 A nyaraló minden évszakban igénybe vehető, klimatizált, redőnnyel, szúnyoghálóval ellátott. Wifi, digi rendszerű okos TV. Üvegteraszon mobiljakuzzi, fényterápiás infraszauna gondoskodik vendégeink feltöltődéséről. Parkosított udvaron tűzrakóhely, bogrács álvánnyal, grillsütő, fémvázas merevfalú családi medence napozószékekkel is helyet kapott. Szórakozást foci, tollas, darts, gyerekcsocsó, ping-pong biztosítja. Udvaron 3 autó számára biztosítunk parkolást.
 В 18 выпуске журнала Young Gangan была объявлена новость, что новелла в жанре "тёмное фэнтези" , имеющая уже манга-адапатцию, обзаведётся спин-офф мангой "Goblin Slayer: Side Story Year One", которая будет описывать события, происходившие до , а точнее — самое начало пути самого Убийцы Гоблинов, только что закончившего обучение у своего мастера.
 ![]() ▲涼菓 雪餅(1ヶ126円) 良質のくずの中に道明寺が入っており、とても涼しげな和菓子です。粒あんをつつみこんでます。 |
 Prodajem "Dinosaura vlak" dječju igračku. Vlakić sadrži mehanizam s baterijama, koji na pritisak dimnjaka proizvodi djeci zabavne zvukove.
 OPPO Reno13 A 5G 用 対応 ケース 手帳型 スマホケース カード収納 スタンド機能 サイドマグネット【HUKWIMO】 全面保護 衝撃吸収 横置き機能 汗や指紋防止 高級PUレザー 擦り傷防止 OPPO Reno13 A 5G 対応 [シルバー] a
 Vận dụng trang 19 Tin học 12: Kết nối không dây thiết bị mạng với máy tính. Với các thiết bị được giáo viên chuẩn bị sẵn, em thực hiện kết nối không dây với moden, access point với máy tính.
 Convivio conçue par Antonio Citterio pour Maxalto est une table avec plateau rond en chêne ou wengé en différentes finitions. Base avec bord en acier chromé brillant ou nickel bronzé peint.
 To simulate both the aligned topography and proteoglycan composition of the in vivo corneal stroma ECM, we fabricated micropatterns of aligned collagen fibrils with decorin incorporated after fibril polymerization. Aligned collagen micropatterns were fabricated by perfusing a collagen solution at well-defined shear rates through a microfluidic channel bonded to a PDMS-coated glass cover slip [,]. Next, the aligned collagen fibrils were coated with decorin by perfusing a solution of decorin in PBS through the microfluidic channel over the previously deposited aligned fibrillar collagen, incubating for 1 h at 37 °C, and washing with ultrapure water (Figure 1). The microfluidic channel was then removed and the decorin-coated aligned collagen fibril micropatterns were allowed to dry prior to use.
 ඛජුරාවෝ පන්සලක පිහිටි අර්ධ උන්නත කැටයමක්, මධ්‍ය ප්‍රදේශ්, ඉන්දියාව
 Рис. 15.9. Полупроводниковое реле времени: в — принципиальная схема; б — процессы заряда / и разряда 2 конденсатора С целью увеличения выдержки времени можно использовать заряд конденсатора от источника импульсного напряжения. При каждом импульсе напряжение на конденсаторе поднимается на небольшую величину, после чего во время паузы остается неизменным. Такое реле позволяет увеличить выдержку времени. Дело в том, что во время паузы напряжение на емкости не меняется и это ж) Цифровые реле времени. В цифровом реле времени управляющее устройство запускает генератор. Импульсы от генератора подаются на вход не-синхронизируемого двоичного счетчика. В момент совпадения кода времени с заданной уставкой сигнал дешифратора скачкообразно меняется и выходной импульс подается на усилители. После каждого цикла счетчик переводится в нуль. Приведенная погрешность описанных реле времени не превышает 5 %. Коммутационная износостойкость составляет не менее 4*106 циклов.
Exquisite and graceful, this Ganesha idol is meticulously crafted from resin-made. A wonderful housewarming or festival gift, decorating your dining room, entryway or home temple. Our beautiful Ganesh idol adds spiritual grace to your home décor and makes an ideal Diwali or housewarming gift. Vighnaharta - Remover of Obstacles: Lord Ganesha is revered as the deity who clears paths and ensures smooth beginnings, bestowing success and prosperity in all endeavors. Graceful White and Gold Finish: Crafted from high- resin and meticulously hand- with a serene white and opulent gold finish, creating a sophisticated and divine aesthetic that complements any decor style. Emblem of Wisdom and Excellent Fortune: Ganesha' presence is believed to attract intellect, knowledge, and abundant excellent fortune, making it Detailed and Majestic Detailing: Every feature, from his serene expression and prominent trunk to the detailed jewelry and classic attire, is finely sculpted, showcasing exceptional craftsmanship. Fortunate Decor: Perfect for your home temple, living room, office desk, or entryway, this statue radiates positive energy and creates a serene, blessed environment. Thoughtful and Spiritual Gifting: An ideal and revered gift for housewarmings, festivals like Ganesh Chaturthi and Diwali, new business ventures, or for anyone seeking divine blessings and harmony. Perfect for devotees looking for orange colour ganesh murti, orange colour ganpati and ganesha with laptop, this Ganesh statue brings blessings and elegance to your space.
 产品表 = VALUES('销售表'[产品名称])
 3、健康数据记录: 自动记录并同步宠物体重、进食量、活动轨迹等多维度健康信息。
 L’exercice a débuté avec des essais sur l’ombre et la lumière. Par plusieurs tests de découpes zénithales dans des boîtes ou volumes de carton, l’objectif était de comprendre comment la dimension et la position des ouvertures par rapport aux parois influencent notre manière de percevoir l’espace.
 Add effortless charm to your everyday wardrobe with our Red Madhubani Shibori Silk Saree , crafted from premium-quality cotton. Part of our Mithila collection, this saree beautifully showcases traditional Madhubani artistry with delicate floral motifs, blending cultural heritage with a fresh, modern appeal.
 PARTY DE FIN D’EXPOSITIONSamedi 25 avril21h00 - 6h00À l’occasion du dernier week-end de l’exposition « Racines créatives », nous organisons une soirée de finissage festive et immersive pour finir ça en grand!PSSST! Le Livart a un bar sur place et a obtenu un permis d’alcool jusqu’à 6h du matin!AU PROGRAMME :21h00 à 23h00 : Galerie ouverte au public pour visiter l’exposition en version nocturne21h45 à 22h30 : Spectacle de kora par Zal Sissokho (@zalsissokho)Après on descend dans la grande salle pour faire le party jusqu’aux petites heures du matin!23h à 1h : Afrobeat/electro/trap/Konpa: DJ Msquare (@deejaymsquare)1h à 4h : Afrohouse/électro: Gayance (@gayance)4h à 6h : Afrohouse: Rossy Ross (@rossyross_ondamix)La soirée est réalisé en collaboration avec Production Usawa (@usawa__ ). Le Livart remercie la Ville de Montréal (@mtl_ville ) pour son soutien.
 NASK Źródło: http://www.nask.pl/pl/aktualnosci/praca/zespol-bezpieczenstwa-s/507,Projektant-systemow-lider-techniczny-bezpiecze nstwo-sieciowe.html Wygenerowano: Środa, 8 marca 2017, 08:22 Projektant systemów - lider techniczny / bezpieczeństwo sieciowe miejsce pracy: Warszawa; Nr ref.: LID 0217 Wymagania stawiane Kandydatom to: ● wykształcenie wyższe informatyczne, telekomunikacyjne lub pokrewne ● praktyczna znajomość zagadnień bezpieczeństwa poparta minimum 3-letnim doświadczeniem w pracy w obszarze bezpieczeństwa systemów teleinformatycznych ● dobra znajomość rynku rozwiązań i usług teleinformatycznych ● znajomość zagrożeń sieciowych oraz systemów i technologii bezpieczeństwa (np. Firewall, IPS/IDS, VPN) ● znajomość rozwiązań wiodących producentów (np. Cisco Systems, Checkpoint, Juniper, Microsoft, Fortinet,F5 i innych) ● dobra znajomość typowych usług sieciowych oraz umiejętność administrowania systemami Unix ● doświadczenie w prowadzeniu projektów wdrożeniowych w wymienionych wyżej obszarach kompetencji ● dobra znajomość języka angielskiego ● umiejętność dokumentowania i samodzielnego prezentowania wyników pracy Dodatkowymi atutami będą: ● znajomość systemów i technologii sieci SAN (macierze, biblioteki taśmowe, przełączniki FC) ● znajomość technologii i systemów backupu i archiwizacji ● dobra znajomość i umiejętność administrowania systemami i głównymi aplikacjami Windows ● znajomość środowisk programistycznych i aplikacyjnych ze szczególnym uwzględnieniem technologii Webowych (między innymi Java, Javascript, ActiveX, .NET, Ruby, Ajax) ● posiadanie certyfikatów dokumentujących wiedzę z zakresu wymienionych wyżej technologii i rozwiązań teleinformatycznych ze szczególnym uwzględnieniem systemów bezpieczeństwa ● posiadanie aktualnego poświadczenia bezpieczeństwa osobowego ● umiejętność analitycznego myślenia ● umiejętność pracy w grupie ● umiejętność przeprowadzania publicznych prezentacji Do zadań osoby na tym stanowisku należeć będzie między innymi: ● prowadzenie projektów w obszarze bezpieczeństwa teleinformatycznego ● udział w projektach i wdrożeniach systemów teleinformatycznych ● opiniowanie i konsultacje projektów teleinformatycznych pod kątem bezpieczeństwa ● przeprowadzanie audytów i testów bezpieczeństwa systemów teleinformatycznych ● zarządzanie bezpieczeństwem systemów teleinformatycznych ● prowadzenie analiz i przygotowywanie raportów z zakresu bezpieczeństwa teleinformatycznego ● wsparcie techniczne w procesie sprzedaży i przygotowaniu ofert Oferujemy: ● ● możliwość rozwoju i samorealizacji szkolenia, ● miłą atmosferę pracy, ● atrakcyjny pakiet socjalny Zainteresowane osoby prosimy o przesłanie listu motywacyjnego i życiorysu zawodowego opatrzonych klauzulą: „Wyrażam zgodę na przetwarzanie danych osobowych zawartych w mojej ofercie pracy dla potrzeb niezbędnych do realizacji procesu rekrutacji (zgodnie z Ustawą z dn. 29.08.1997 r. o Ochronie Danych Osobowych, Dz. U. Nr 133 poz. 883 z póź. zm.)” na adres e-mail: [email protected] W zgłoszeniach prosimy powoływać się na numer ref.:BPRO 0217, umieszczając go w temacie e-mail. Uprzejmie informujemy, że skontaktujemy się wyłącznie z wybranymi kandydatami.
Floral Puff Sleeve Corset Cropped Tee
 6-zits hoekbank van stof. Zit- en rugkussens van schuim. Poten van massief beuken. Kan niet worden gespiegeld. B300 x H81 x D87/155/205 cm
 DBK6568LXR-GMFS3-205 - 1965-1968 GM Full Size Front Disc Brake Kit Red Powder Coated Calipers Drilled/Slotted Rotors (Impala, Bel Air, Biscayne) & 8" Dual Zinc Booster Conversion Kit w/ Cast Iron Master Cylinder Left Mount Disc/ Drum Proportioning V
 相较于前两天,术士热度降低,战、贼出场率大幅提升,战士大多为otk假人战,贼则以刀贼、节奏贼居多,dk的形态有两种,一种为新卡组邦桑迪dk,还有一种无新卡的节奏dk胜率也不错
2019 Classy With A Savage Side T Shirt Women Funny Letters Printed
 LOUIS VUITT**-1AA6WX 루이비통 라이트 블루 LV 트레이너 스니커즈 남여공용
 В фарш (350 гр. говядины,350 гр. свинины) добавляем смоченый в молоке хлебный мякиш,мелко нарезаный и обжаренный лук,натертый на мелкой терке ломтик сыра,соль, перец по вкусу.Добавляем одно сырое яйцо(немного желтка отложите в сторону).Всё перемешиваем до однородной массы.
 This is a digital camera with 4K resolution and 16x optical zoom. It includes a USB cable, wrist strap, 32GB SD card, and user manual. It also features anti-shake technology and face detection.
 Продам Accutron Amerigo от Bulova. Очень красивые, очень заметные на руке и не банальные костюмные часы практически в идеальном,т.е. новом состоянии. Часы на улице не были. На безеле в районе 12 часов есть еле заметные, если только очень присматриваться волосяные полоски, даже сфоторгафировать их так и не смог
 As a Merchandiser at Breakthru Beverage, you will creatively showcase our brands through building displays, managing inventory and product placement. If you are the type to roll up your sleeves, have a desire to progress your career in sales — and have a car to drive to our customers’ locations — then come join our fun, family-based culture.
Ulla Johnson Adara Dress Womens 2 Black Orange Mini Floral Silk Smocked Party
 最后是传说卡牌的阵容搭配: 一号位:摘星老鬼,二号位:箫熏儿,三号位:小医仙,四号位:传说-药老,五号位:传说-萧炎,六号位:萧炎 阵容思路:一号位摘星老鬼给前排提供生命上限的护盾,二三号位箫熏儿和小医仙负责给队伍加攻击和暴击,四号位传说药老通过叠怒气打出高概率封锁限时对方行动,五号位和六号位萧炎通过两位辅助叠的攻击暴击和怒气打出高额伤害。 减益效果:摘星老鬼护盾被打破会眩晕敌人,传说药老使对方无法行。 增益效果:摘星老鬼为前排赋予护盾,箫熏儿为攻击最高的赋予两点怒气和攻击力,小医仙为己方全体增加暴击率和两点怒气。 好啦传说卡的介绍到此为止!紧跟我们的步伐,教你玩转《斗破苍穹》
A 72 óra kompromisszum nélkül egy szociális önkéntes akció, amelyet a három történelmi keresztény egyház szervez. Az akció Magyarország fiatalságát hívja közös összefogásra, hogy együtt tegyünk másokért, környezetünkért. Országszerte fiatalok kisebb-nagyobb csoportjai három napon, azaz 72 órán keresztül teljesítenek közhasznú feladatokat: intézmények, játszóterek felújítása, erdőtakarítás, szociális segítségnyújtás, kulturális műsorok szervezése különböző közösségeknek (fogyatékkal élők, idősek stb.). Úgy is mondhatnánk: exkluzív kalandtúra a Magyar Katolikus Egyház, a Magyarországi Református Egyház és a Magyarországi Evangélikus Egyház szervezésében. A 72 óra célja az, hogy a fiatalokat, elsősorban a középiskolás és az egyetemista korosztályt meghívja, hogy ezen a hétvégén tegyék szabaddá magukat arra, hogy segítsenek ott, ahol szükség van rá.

TASK REQUIREMENTS: Search the listing above for lines containing "только", and copy them.

COMPLETED TASK:
 В 18 выпуске журнала Young Gangan была объявлена новость, что новелла в жанре "тёмное фэнтези" , имеющая уже манга-адапатцию, обзаведётся спин-офф мангой "Goblin Slayer: Side Story Year One", которая будет описывать события, происходившие до , а точнее — самое начало пути самого Убийцы Гоблинов, только что закончившего обучение у своего мастера.
 Продам Accutron Amerigo от Bulova. Очень красивые, очень заметные на руке и не банальные костюмные часы практически в идеальном,т.е. новом состоянии. Часы на улице не были. На безеле в районе 12 часов есть еле заметные, если только очень присматриваться волосяные полоски, даже сфоторгафировать их так и не смог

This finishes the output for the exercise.